O olhar de Eduardo

Naquela tarde, Carlos Eduardo se deu conta de uma coisa que saltava aos olhos de todos e que ele nunca havia percebido antes. A reunião na empresa transcorreu normalmente, entretanto, naquele dia, seu olhar fitou Almir, seu braço direito, quase um irmão que frequentava sua casa, mas dessa vez olhou para aquele homem alto e forte por um ângulo diferente.
Na noite anterior havia tido mais uma briga com Carlinhos, chegaram a vias de fato. O filho o agrediu com um murro na cara, quebrando seu nariz. Ele discutia com frequência com o rapaz, mas nunca haviam chegado nesse extremo. O motivo para o estopim da briga foi o usual: o filho não se conformava de não ter uma mesada do pai, que exigia, em contrapartida, que ele o ajudasse no trabalho.
Eduardo julgava que fazia de tudo para o menino melhorar, o levava à igreja, contratava psicólogos, psiquiatras, as melhores escolas, enfim, tudo que estava ao seu alcance e nada funcionava. O garoto a cada ano ficava mais desafiador e rebelde. O que mais o irritava era que a mãe, ao invés de mediar as situações, geralmente apartava os dois, tomando partido do filho.
Carlinhos era muito alto, pele morena, cabelos cacheados negros e compleição forte como um atleta, embora não praticasse esporte. Esses detalhes já haviam sido objeto de centenas discussões entre ele a esposa, que sempre repetia que o menino havia puxado a seu bisavô paterno e Eduardo estava procurando motivos para o desentendimento.
Após a reunião na empresa, Eduardo foi direto para a padaria ao lado do escritório, onde costumava tomar seu café após as jornadas de trabalho. Naquele dia em especial, com fisionomia fechada, ele se dirigiu para a mesa de sempre e nem precisou fazer seu pedido. Logo foi servido com uma média bem escura e um pão na chapa.
Enquanto comia, com a cabeça afundada na mesa, fazia anotações incessantes. Todos na padaria já o conheciam, ele que costumava ser simpático e a todos cumprimentar. O dono do estabelecimento inclusive olhou para seus funcionários e fez um gesto de boca fechada, de modo que ninguém o abordasse, percebendo que algo grave havia acontecido.
Já havia tempo que a aparência de seu filho incomodava Eduardo. Na última reunião, Almir, o diretor das operações da rede de supermercados lhe mostrou fotos de seus filhos do primeiro casamento, um deles tinha a idade de Carlinhos e o chamou muito atenção. Foi o suficiente para ligar todos os pontos que faltavam nesse quebra-cabeças.

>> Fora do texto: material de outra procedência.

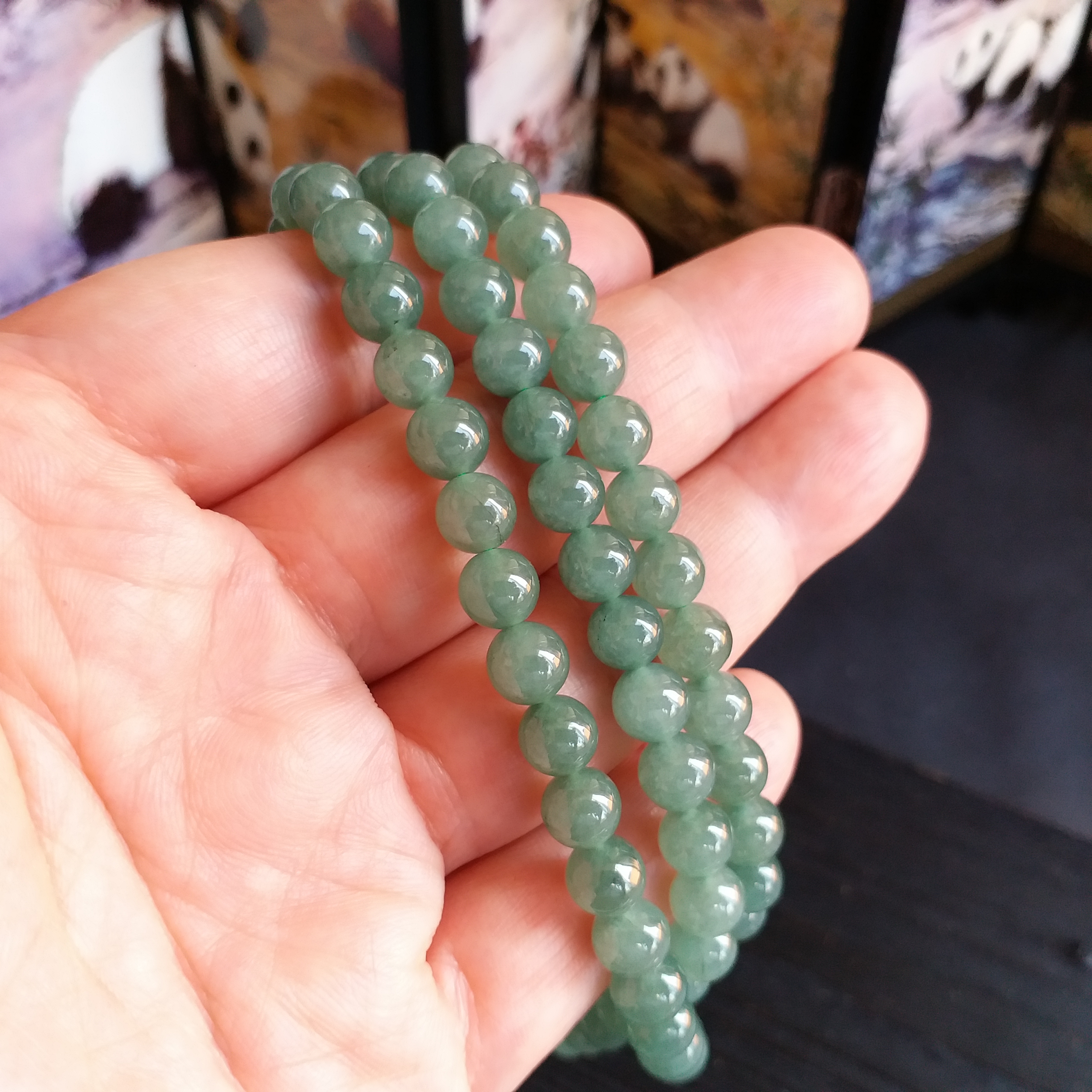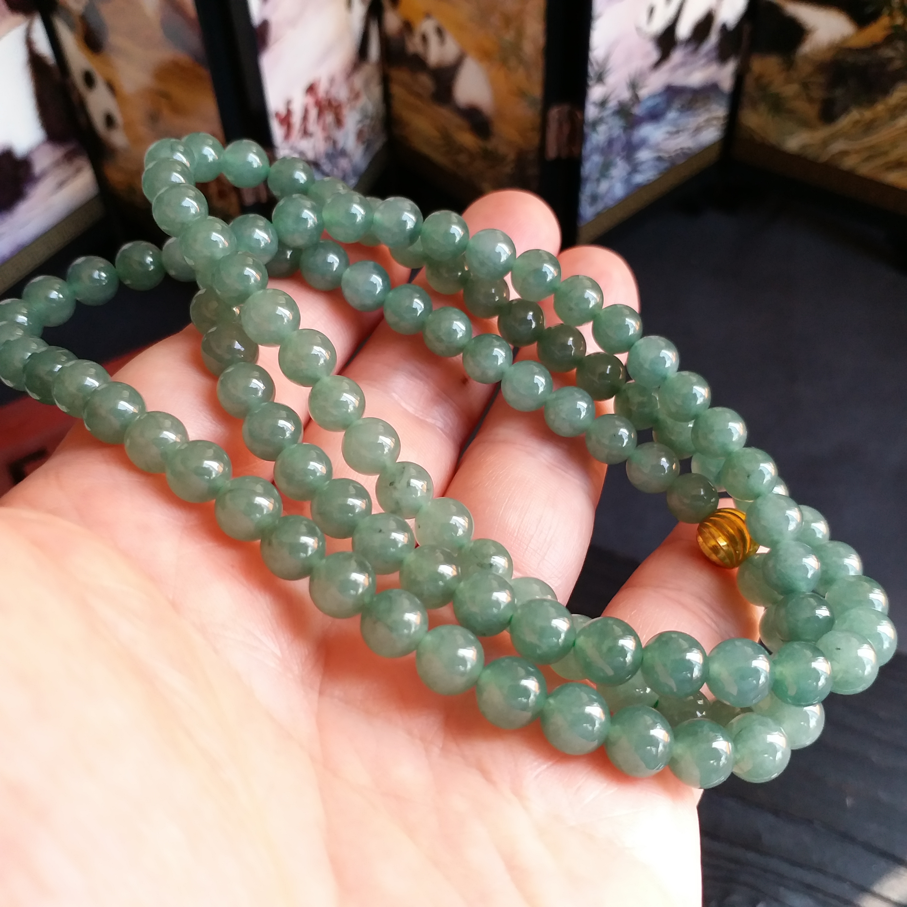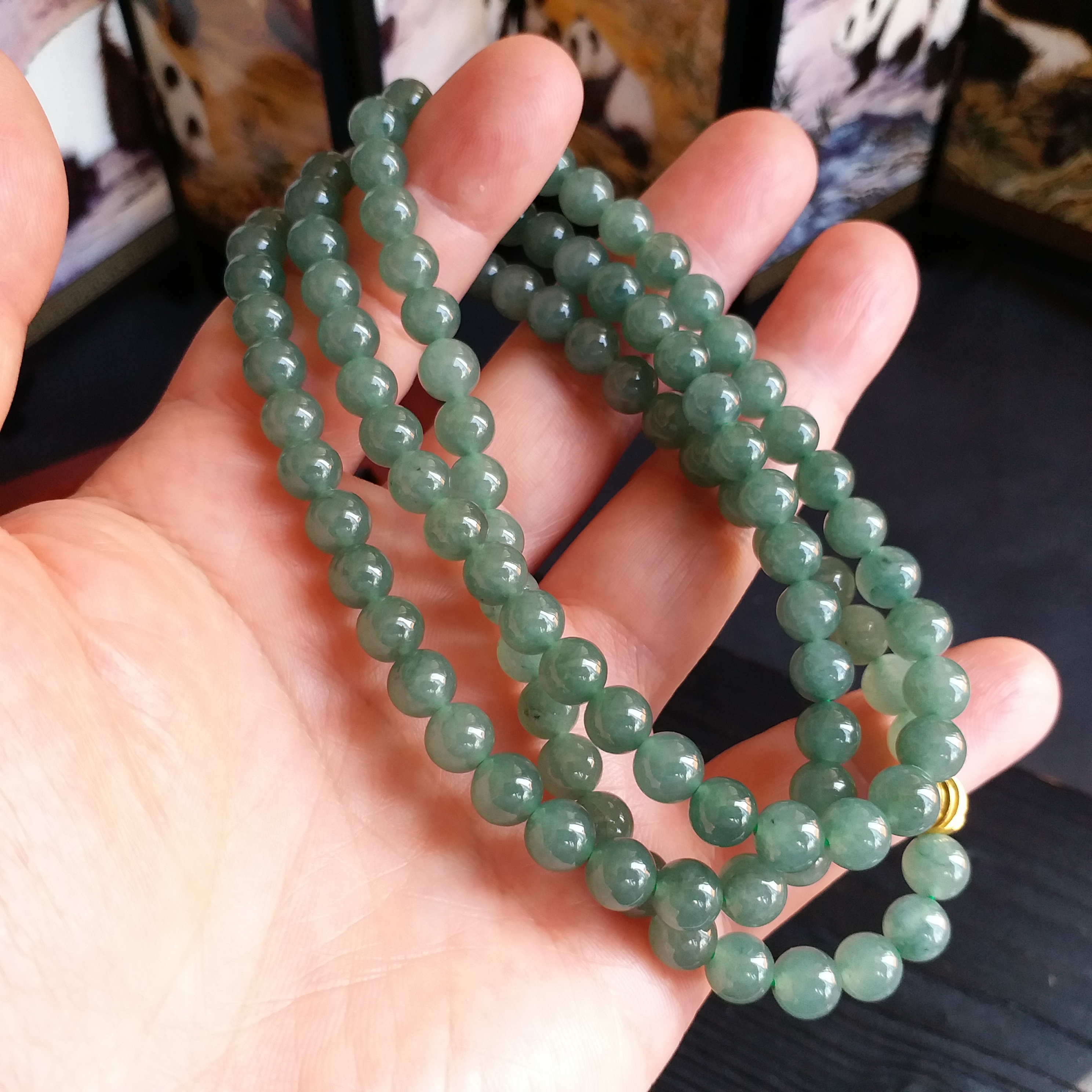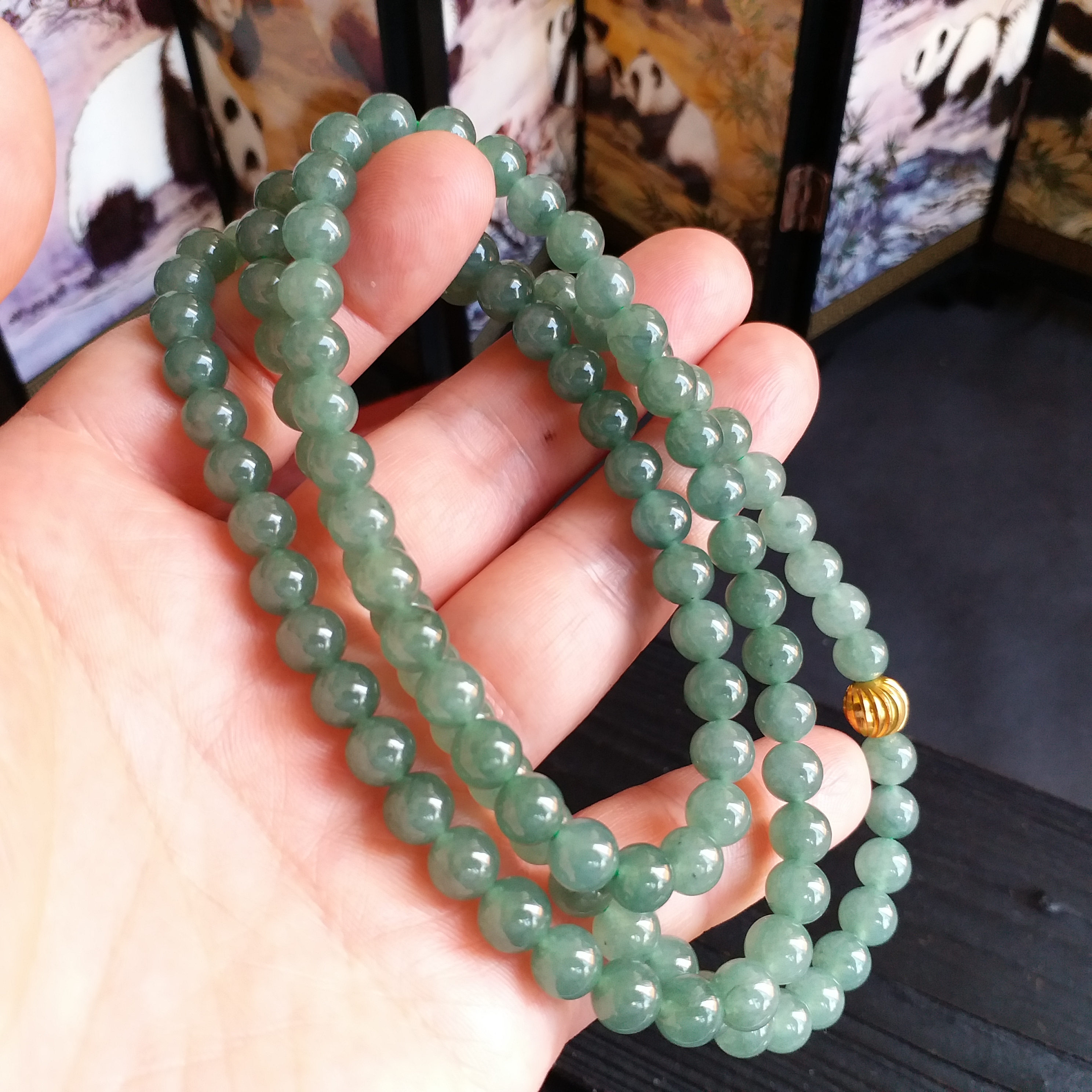 • 冰油綠翡翠玉珠項鍊 (6.9mm直徑), 天然翡翠A玉, 緬甸玉, Jade, Jadeite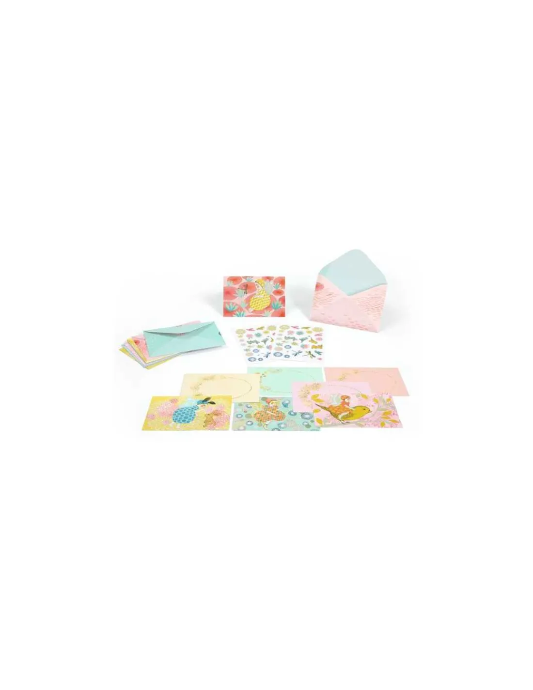 Cette boite de correspondance comprend 8 cartes illustrées avec des lignes pour écrire facilement un message clair et soigné, 8 enveloppes illustrées pour ajouter une touche de charme et d’originalité et surprendre dès l’ouverture, ainsi que 2 planches de stickers pour personnaliser chaque invitation.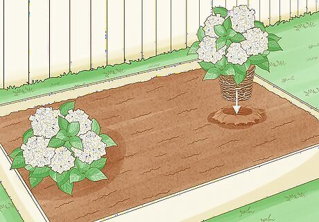 Dig a wide hole in the soil. The hold you dig should be as deep as the root ball on the hydrangea plant, and at least twice as wide. Use a spade or shovel to dig a big hole to accommodate the plant's roots. If you're planting more than one hydrangea, they should be spaced 5–7 feet (1.5–2.1 m) apart, since the plants can grow to get very large. Check the instructions that came with your particular hydrangea variety. Some hydrangeas can be planted closer together, while others may need to be planted at least 10 feet (3.0 m) apart.
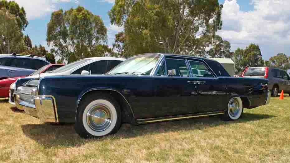 Note to photos: the local team lost woefully at the baseball last night but the Fuji was a winner. Also, note the sticker on the back of the '60 Lincoln. I didn't know whether to be delighted or appalled...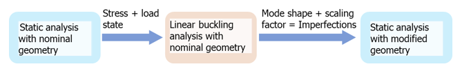 A nonlinear static analysis with nominal geometry is performed. The analysis accounts for a specific loading history to obtain a loading and stress state suitable for use in the subsequent buckling analysis.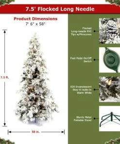 Flash Sale 👏 Direct Export 7.5′ Flocked Pine Long Needle Prelit Artificial 🎄 Christmas Tree 👍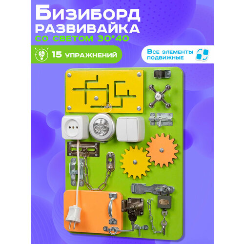 Бизиборд "Развивайка" Компакт 30х40 см со светом - это отличный выбор для родителей, которые хотят развивать своего ребенка, делая это весело и интересно.
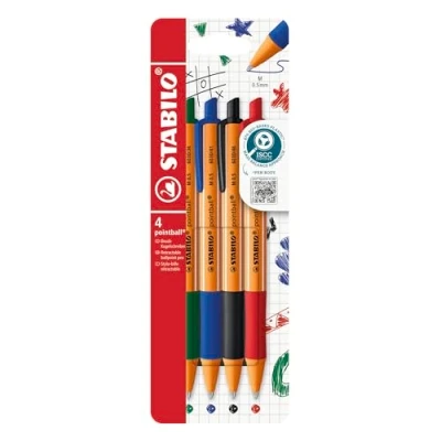 Ballpoint Pen STABILO pointball Pack of 4 Blue, Black, Red Green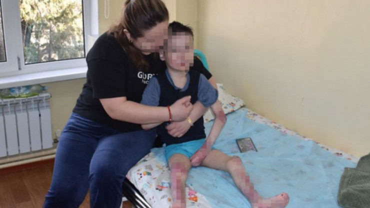 Второй пациент - 6-летний Бекнур. Последствия болезни у малыша выражены более серьезно. Руки и ноги почти постоянно забинтованы. Сама операция сложна тем, что таким детям крайне затруднительно поставить наркоз. Из-за того, что ротовая полость открывается не полностью, возникает сложность в проведении интубации легких.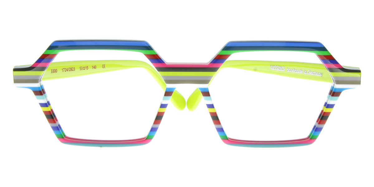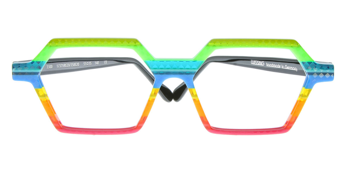 3300 Eyeglasses by Wissing . Boldness and exclusiveness are those distinguishing features that have always characterized Wissing. The reputed German brand creates one-off, unmistakable pieces of art, handcrafted from multi-layer acetate, which means endless possibilities for eyewear design. Each Wissing frame features a distinctive shape and comes offered in bright, eye-catching color combinations.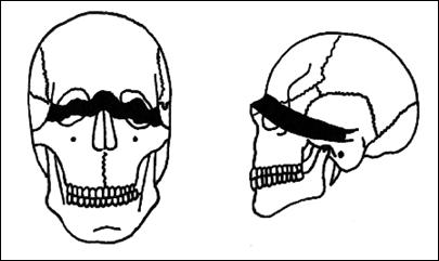 conturul extern al compactei are o delimitare neta, conturul intern fiind mai putin precis delimitat, cu aspect sters;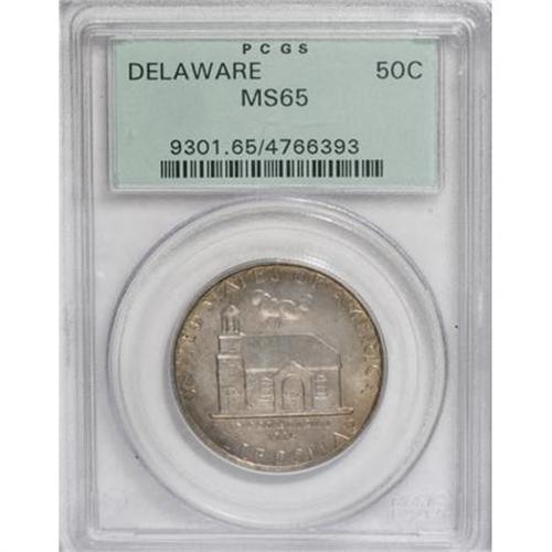 <B>1936 50C Delaware MS65 PCGS.</B></I> PCGS Population (1195/623). NGC Census: (965/467). Mintage: 20,993. Numismedia Wsl. Price for NGC/PCGS coin in MS65: $396. (#9301)<BR><BR><b>Shipping:</b> Coins & Currency (<a target="_blank" href="http://www.heritageauctions.com/common/shipping.php">view shipping information</a>\)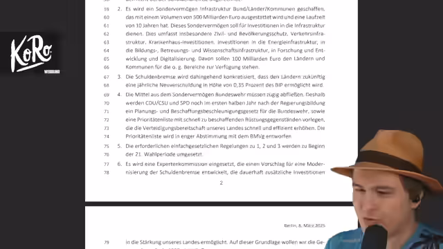 00:26:48Der Streamer analysiert die Sondierungsergebnisse zwischen SPD und Union und kommt zu dem Schluss, dass eine schwarz-blaue Regierung äußerst unwahrscheinlich ist. Er kritisiert das Sondierungspapier, insbesondere das geplante Sondervermögen über 500 Milliarden Euro und die Kippen der Schuldenbremse. Der Streamer äußert Bedenken bezüglich der Umsetzung dieser Maßnahmen und fragt, ob die Grünen davon profitieren werden. Er geht auch auf die Position der Grünen zur Kernkraft ein und stellt fest, dass diese weiter von einer Zustimmung zu einer Grundgesetzänderung entfernt sind als zuvor.

Passados uns trinta minutos, chegaram uns homens de terno. Eles cumprimentaram o chefe com reverência e logo lhe entregaram uma carta. Parecia um laudo de exame de laboratório. Após ler o papel, percebeu-se lágrimas rolando dos olhos de Eduardo, e logo em seguida, uma expressão transtornada o tomou.
Sempre em silêncio, ele pegou sua caneta esferográfica e assinou um monte de documentos, os devolvendo em seguida para os senhores de terno, que se levantaram e partiram sem olhar para trás. Eduardo levantou-se, e sem consumir tudo do que lhe haviam servido, partiu na direção do escritório, deixando uma quantia sobre a mesa para pagar a conta.
Na sede da empresa, dirigiu-se diretamente à sua sala, ligou as luzes, abriu o frigobar e começou a tomar todas as garrafinhas de whisky que ali havia. Após um tempo, levantou-se de sua cadeira, pegou o porta-retratos da única férias que desfrutou em família, que ele amava contemplar e adornava sua mesa, e o atirou contra a parede, fazendo voar cacos de vidro para todos os lados.
Ficou sentado na poltrona por horas sem falar nada. O escritório já estava vazio e a chegada da equipe da limpeza era iminente. Apressou-se e puxou seu paletó da cadeira, que teimou em não sair da posição. O puxão foi tão forte que o rasgou. Deixou tudo para trás e correu. Desceu as escadas em desabalada pressa batendo todas as portas do corredor.
Ele se preocupou apenas com uma coisa, esconder seu rosto das câmeras de segurança, talvez num ato falho pelo sentimento de vergonha que o tomou. Não tinha sido capaz de ver o obvio durante todo esse tempo. Dirigiu-se à garagem, pegou o carro e partiu em alta velocidade, para nunca mais ser visto.